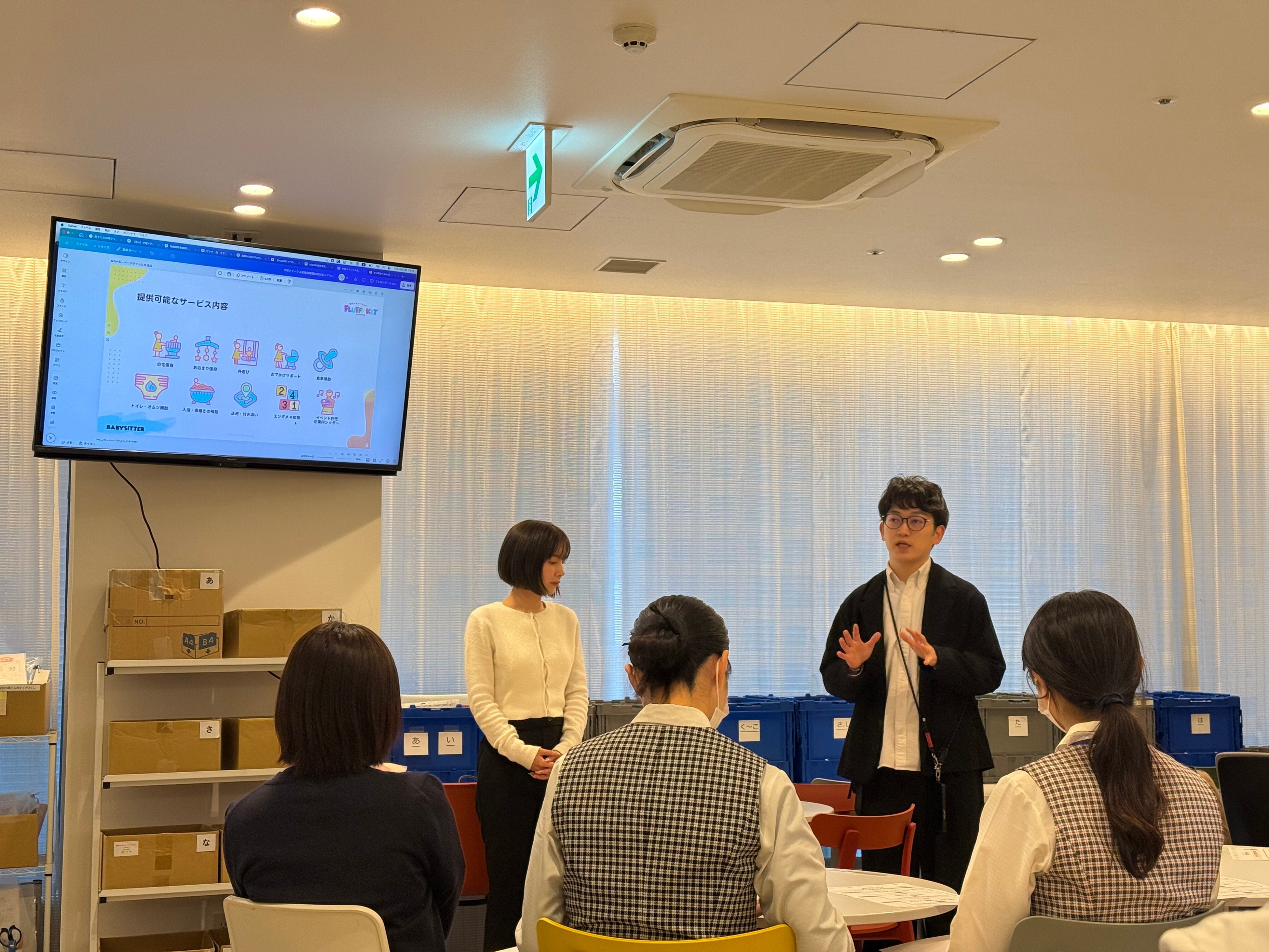 11月28日 汐留メディクス社内にて、株式会社Fluffyketによる育児中の従業員をベビーシッター福利厚生サービスに関する説明会を実施。今後のシッターサービス利用場面や条件など、様々な質問や議論が行われました
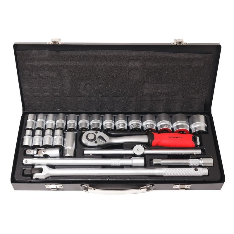 " - Торцевые головки: 10-32мм - Удлинители 5"", 10"" - Т-образный вороток - Кардан - Вороток шарнирный - Свечная головка 21мм - Трещотка"
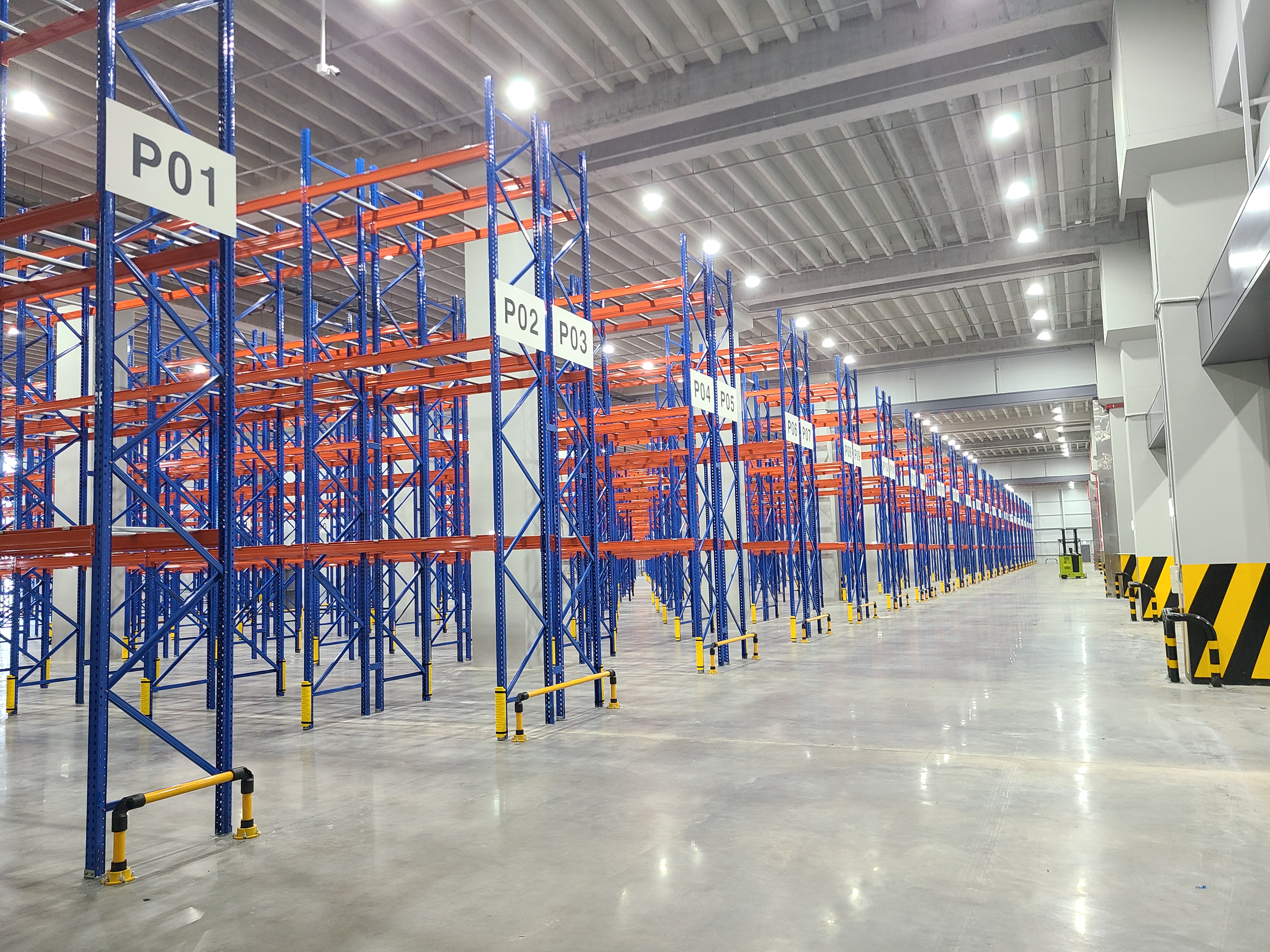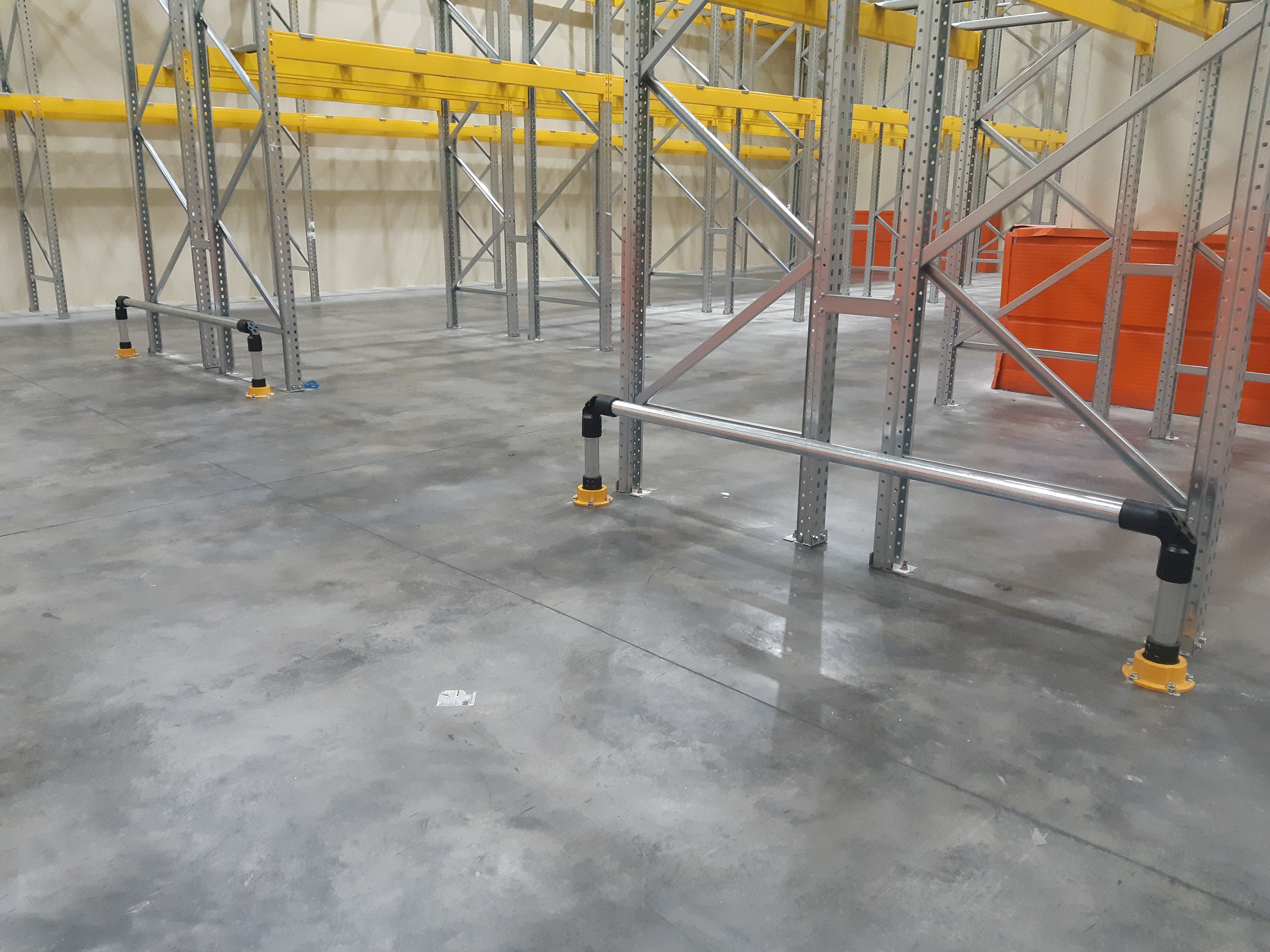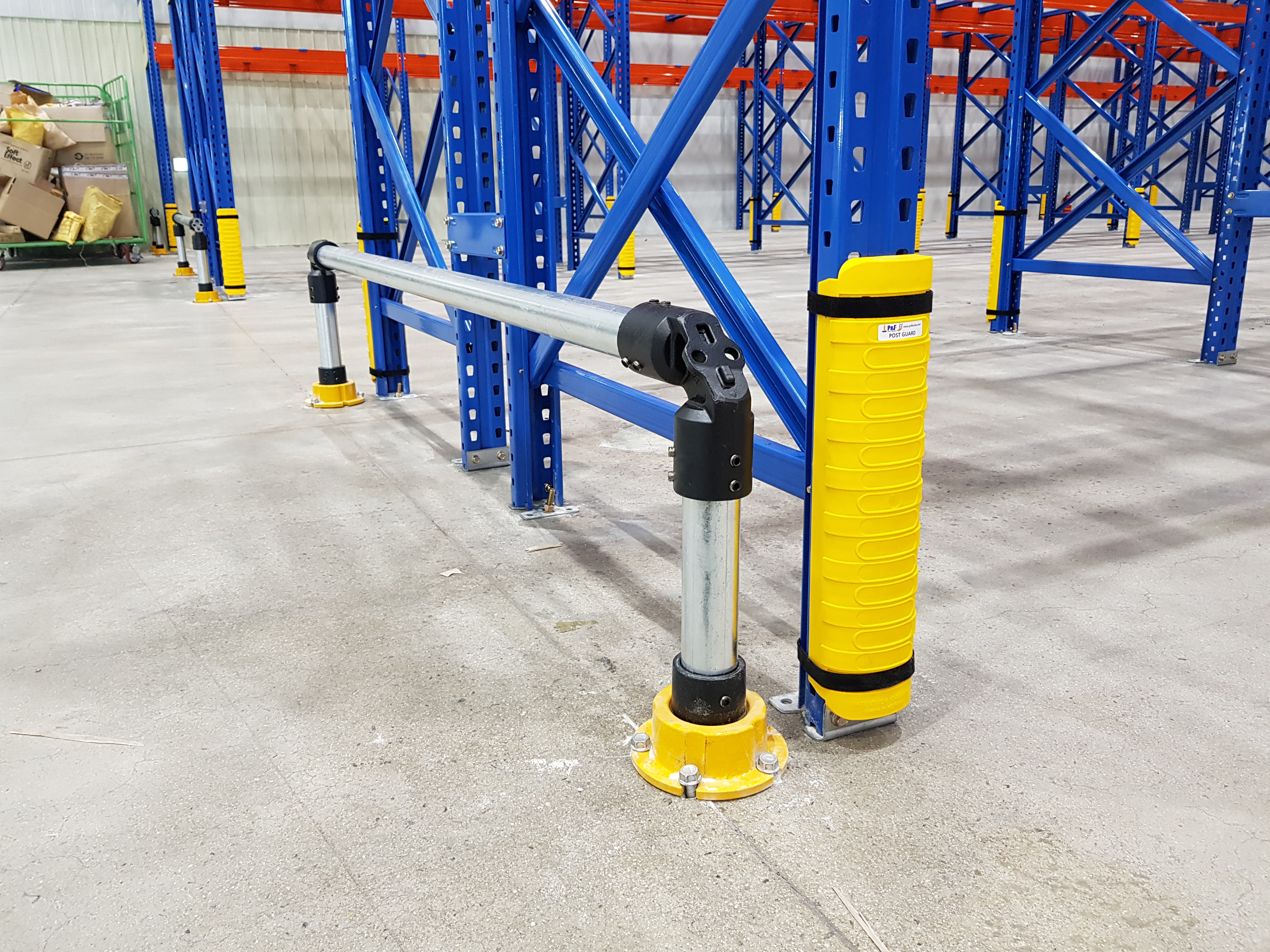 Frame protector is installed at rack end to protect racking system from forklift accident.

• **Action item**: Write out the data above exactly, minus any images.

• **Solution to the problem**:
 11月28日 汐留メディクス社内にて、株式会社Fluffyketによる育児中の従業員をベビーシッター福利厚生サービスに関する説明会を実施。今後のシッターサービス利用場面や条件など、様々な質問や議論が行われました
 " - Торцевые головки: 10-32мм - Удлинители 5"", 10"" - Т-образный вороток - Кардан - Вороток шарнирный - Свечная головка 21мм - Трещотка"
 Frame protector is installed at rack end to protect racking system from forklift accident.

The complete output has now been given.